Source records

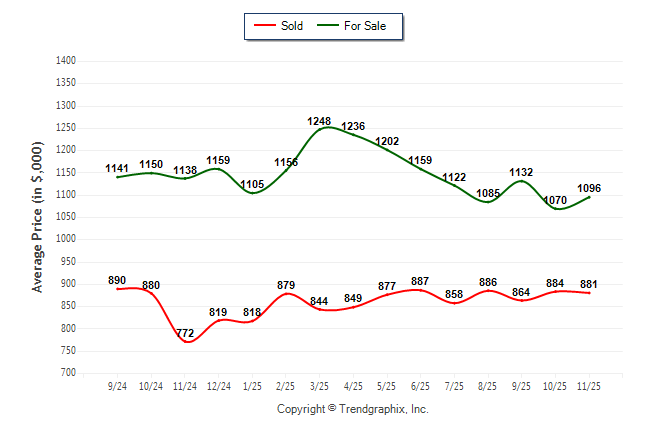 November 2025 Average For Sale Price was Neutral and Average Sold Price was Neutral**
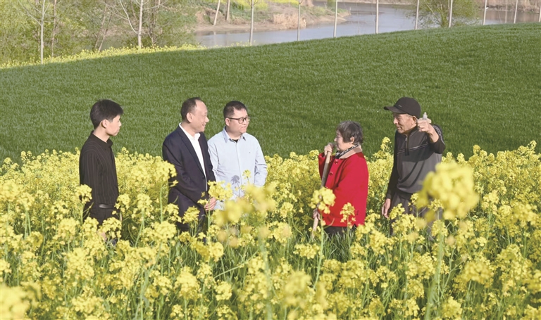 圖為姜永輝(左二)在田間地頭調研了解整治群眾身邊不正之風和腐敗問題工作情況。尤亞輝 攝(資料圖片)
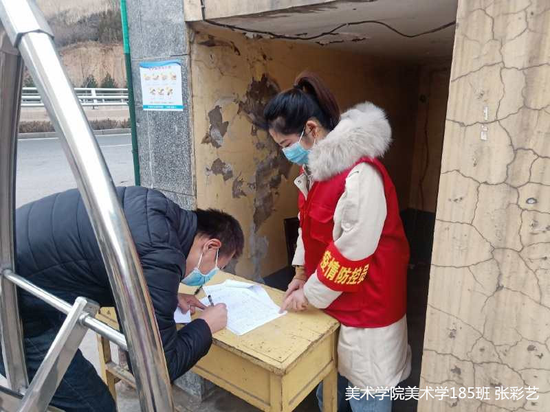 张彩艺,美术学院美术学185班学生,当得知社区疫情防控缺人手时,她勇敢地站了出来,以一名大学生志愿者身份报名参加桃杏村村委会建立的桃杏小区防控志愿活动。协助小区物业工作人员对出入人员及车辆认真登记排查。业余时间还主动宣传防疫知识,让小区居民了解防疫的重要性,在祖国和家乡需要的时候尽己所能,贡献力量。
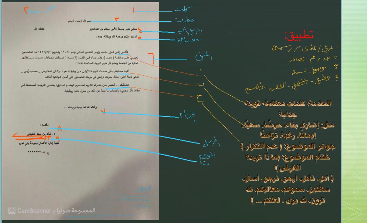أقام قسم الدراسات الإسلامية بكلية العلوم والدراسات الإنسانية بحوطة بني تميم بالتعاون مع وحدة التطوير والجودة ورشة تدريبية بعنوان: إعداد وصياغة الخطابات الإدارية تحت رعاية عميدة الكلية د. حصة بنت سعود الهزاني. وذلك في يوم الثلاثاء الموافق: 1442/2/12هـ. في تمام الساعة (9)ص عبر برنامج (ZOOM). وقد ألقاها الدكتور: خالد الذيابي، تناول فيها أهمية الخطابات الإدارية، ومستوياتها، وأغراضها، وعناصرها، وأساليب الصياغة. كما تطرق إلى أهداف الخطابات الإدارية وماله من أثر على شكل الخطاب وصياغته وحجم المسؤولية الناشئة عنه. واختتمت الورشة بتطبيق عملي على (خطاب) لتوضيح العناصر اللازمة في الخطابات.
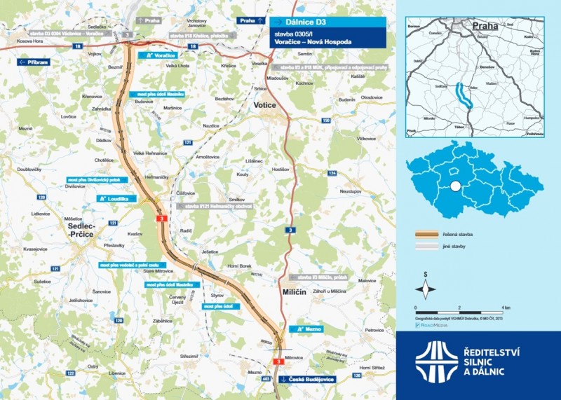 1.12. - Ředitelství silnic a dálnic (ŘSD) obdrželo územní rozhodnutí (ÚR) vydané odborem stavebního úřadu Hlavního města Prahy pro stavbu středočeské části dálnice D3 mezi Voračicemi a Novou Hospodou. Jde o první ze souboru staveb na hlavní trase, která ÚR má. Zahájení výstavby se předpokládá do tří let.
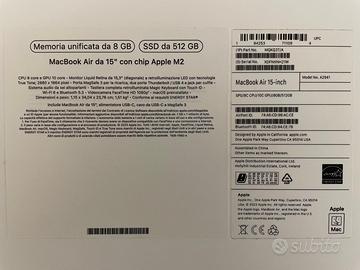 Vendo MacBook air M2 15” 8Gb di RAM e 512GB di HD, condizione come nuovo nessun graffio o ammaccatura, acquistato da MediaWorld il 09/01/2024 , tutto documentato da scontrino , lo stato della batteria ad oggi 05/02/26 e del 95% con appena 68 cicli di ricarica, il computer è dotato di scatola originale alimentatore con doppia presa USB C e cavo, inoltre è inclusa la sua cover come in foto
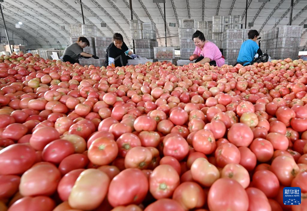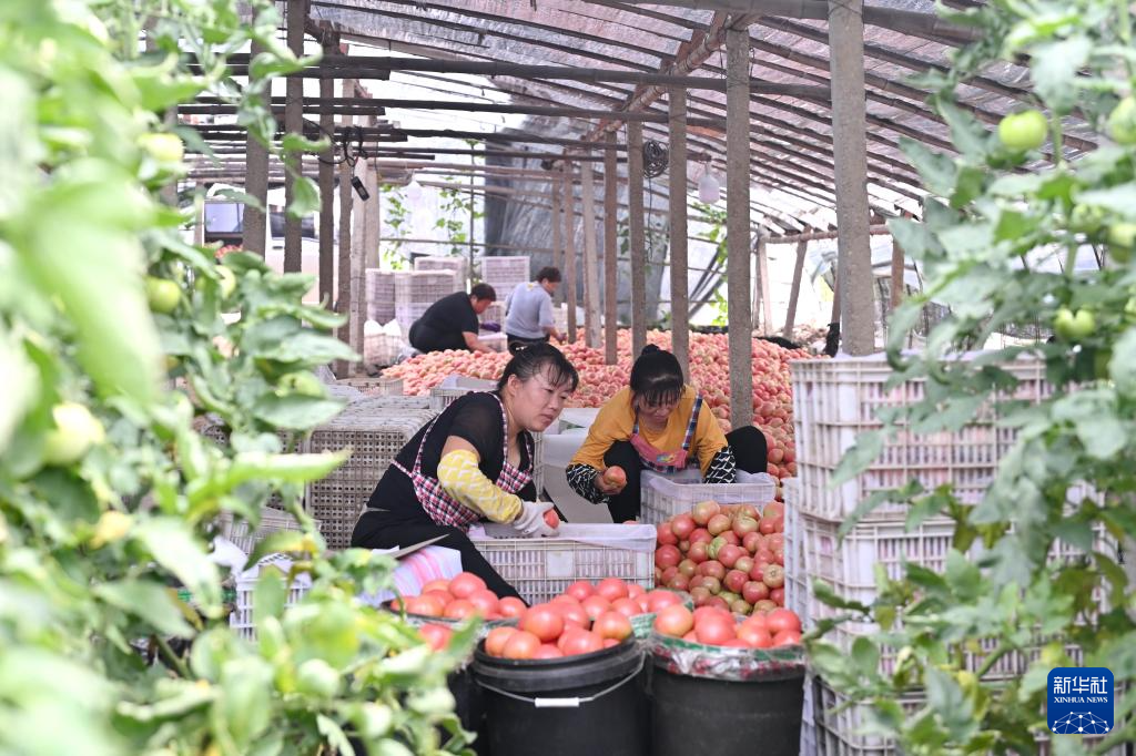 9月8日,河北省滦州市小马庄镇一家蔬菜种植合作社的社员在分拣收获的西红柿。
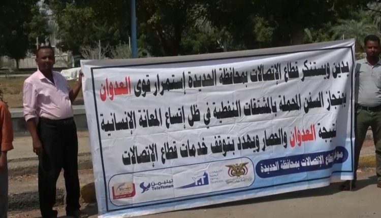نظم عمال وموظفو المؤسسة العامة للاتصالات وبريد منطقة الحديدة اليوم وقفة احتجاجية أمام مكتب الأمم المتحدة في المحافظة للتنديد باستمرار العدوان في احتجاز سفن المشتقات النفطية.
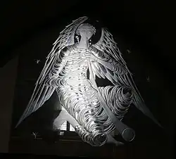 The angel on the top of the tower was given in memory of Sgt. Reginald Adgey-Edgar of the Intelligence Corps, who died on active service in 1944 during World War II.[6] It was designed by William Pickford and created by four silversmiths, before being positioned in Spring 1963. The supporting pole for the angel houses mobile phone antennas.[7]
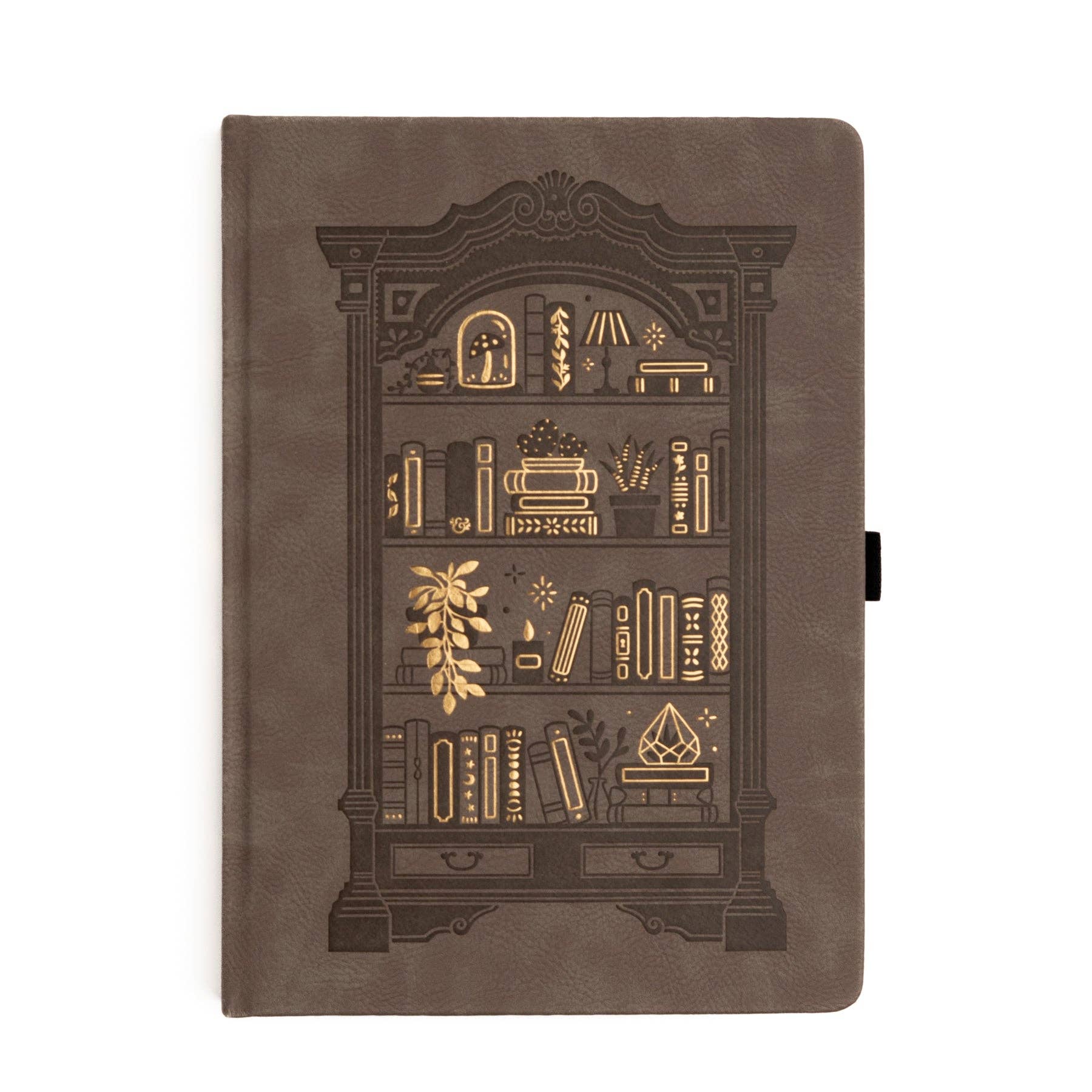 The B5 Bookshelf Notebook is a favorite among creatives who crave room to plan, design, or journal. The cover artwork features a detailed bookshelf scene in metallic foil and debossing, offering vintage library vibes in a modern, elevated form. Filled with crisp 160gsm dot grid paper for a flawless writing experience. * 6.93" x 9.84" * 160 dot grid pages * 160gsm bright white paper * Includes: Back pocket, pen loop, elastic closure, ribbon bookmark * Cover: Vegan leather with foil + deboss
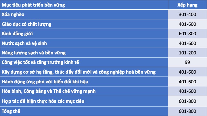Bảng xếp hạng năm nay bao gồm 1406 trường đại học đến từ nhiều quốc gia trên toàn thế giới. Các chỉ số được phân tích và sử dụng trong bảng xếp hạng này dựa trên 4 khía cạnh: nghiên cứu, đào tạo, quản lý và tiếp cận cộng đồng. Đây cũng là bảng xếp hạng duy nhất trên thế giới đánh giá các trường đại học dựa trên các mục tiêu phát triển bền vững của Liên Hợp Quốc.
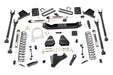 Easy bolt-on installation Increased ground clearance Levels the front with the rear of the vehicle Radius arm drop brackets allow for properly set caster. Proper caster is crucial to maintaining factory handling and driveability. Includes application valved N3 series shock absorbers which offer the best in balanced performance for on and off-road use. Fabricated blocks are stronger and offer a longer lifespan than cast blocks. Specially designed anti-axle wrap rear blocks maintain stock ride quality while eliminating common lift block problem. Note: Designed for models stock through six inches of lift. ONLY for lifted applications using Rough Country's Suspension products. Does NOT increase towing capacity. Minor drilling required. Gain greater travel and improved handling while adding ground clearance and aggressive style with Rough Country's 4-Link F-250 Lift Kit.This innovative kit allows you to replace your factory arms with a 4-Link setup, using Rough Country's durable, fixed upper arms and adjustable lower control arms. A set of radius arm drop brackets maintain proper geometry and allow for proper caster setting, which is crucial to maintain factory handling.This kit includes a set of lifted coil springs, radius arm drop-brackets, and ultra-durable, fabricated Anti-wrap rear blocks that prevent binding and axle wrap. This kit also includes stainless steel extended brake lines and brake line brackets to ensure you have everything you need to install your lift. Best of all, this kit features Rough Country's V2 Monotube Shock Absorbers for the ultimate balance in off-road performance and a smooth highway ride. Includes Rough Country's Lifetime Replacement Warranty

TASK BRIEF >> A word-for-word copy of all the data is required, minus the pictures.

TASK RESPONSE >>
 November 2025 Average For Sale Price was Neutral and Average Sold Price was Neutral**
 圖為姜永輝(左二)在田間地頭調研了解整治群眾身邊不正之風和腐敗問題工作情況。尤亞輝 攝(資料圖片)
 张彩艺,美术学院美术学185班学生,当得知社区疫情防控缺人手时,她勇敢地站了出来,以一名大学生志愿者身份报名参加桃杏村村委会建立的桃杏小区防控志愿活动。协助小区物业工作人员对出入人员及车辆认真登记排查。业余时间还主动宣传防疫知识,让小区居民了解防疫的重要性,在祖国和家乡需要的时候尽己所能,贡献力量。
أقام قسم الدراسات الإسلامية بكلية العلوم والدراسات الإنسانية بحوطة بني تميم بالتعاون مع وحدة التطوير والجودة ورشة تدريبية بعنوان: إعداد وصياغة الخطابات الإدارية تحت رعاية عميدة الكلية د. حصة بنت سعود الهزاني. وذلك في يوم الثلاثاء الموافق: 1442/2/12هـ. في تمام الساعة (9)ص عبر برنامج (ZOOM). وقد ألقاها الدكتور: خالد الذيابي، تناول فيها أهمية الخطابات الإدارية، ومستوياتها، وأغراضها، وعناصرها، وأساليب الصياغة. كما تطرق إلى أهداف الخطابات الإدارية وماله من أثر على شكل الخطاب وصياغته وحجم المسؤولية الناشئة عنه. واختتمت الورشة بتطبيق عملي على (خطاب) لتوضيح العناصر اللازمة في الخطابات.
 1.12. - Ředitelství silnic a dálnic (ŘSD) obdrželo územní rozhodnutí (ÚR) vydané odborem stavebního úřadu Hlavního města Prahy pro stavbu středočeské části dálnice D3 mezi Voračicemi a Novou Hospodou. Jde o první ze souboru staveb na hlavní trase, která ÚR má. Zahájení výstavby se předpokládá do tří let.
 Vendo MacBook air M2 15” 8Gb di RAM e 512GB di HD, condizione come nuovo nessun graffio o ammaccatura, acquistato da MediaWorld il 09/01/2024 , tutto documentato da scontrino , lo stato della batteria ad oggi 05/02/26 e del 95% con appena 68 cicli di ricarica, il computer è dotato di scatola originale alimentatore con doppia presa USB C e cavo, inoltre è inclusa la sua cover come in foto
 9月8日,河北省滦州市小马庄镇一家蔬菜种植合作社的社员在分拣收获的西红柿。
نظم عمال وموظفو المؤسسة العامة للاتصالات وبريد منطقة الحديدة اليوم وقفة احتجاجية أمام مكتب الأمم المتحدة في المحافظة للتنديد باستمرار العدوان في احتجاز سفن المشتقات النفطية.
 The angel on the top of the tower was given in memory of Sgt. Reginald Adgey-Edgar of the Intelligence Corps, who died on active service in 1944 during World War II.[6] It was designed by William Pickford and created by four silversmiths, before being positioned in Spring 1963. The supporting pole for the angel houses mobile phone antennas.[7]
 The B5 Bookshelf Notebook is a favorite among creatives who crave room to plan, design, or journal. The cover artwork features a detailed bookshelf scene in metallic foil and debossing, offering vintage library vibes in a modern, elevated form. Filled with crisp 160gsm dot grid paper for a flawless writing experience. * 6.93" x 9.84" * 160 dot grid pages * 160gsm bright white paper * Includes: Back pocket, pen loop, elastic closure, ribbon bookmark * Cover: Vegan leather with foil + deboss
Bảng xếp hạng năm nay bao gồm 1406 trường đại học đến từ nhiều quốc gia trên toàn thế giới. Các chỉ số được phân tích và sử dụng trong bảng xếp hạng này dựa trên 4 khía cạnh: nghiên cứu, đào tạo, quản lý và tiếp cận cộng đồng. Đây cũng là bảng xếp hạng duy nhất trên thế giới đánh giá các trường đại học dựa trên các mục tiêu phát triển bền vững của Liên Hợp Quốc.
 Easy bolt-on installation Increased ground clearance Levels the front with the rear of the vehicle Radius arm drop brackets allow for properly set caster. Proper caster is crucial to maintaining factory handling and driveability. Includes application valved N3 series shock absorbers which offer the best in balanced performance for on and off-road use. Fabricated blocks are stronger and offer a longer lifespan than cast blocks. Specially designed anti-axle wrap rear blocks maintain stock ride quality while eliminating common lift block problem. Note: Designed for models stock through six inches of lift. ONLY for lifted applications using Rough Country's Suspension products. Does NOT increase towing capacity. Minor drilling required. Gain greater travel and improved handling while adding ground clearance and aggressive style with Rough Country's 4-Link F-250 Lift Kit.This innovative kit allows you to replace your factory arms with a 4-Link setup, using Rough Country's durable, fixed upper arms and adjustable lower control arms. A set of radius arm drop brackets maintain proper geometry and allow for proper caster setting, which is crucial to maintain factory handling.This kit includes a set of lifted coil springs, radius arm drop-brackets, and ultra-durable, fabricated Anti-wrap rear blocks that prevent binding and axle wrap. This kit also includes stainless steel extended brake lines and brake line brackets to ensure you have everything you need to install your lift. Best of all, this kit features Rough Country's V2 Monotube Shock Absorbers for the ultimate balance in off-road performance and a smooth highway ride. Includes Rough Country's Lifetime Replacement Warranty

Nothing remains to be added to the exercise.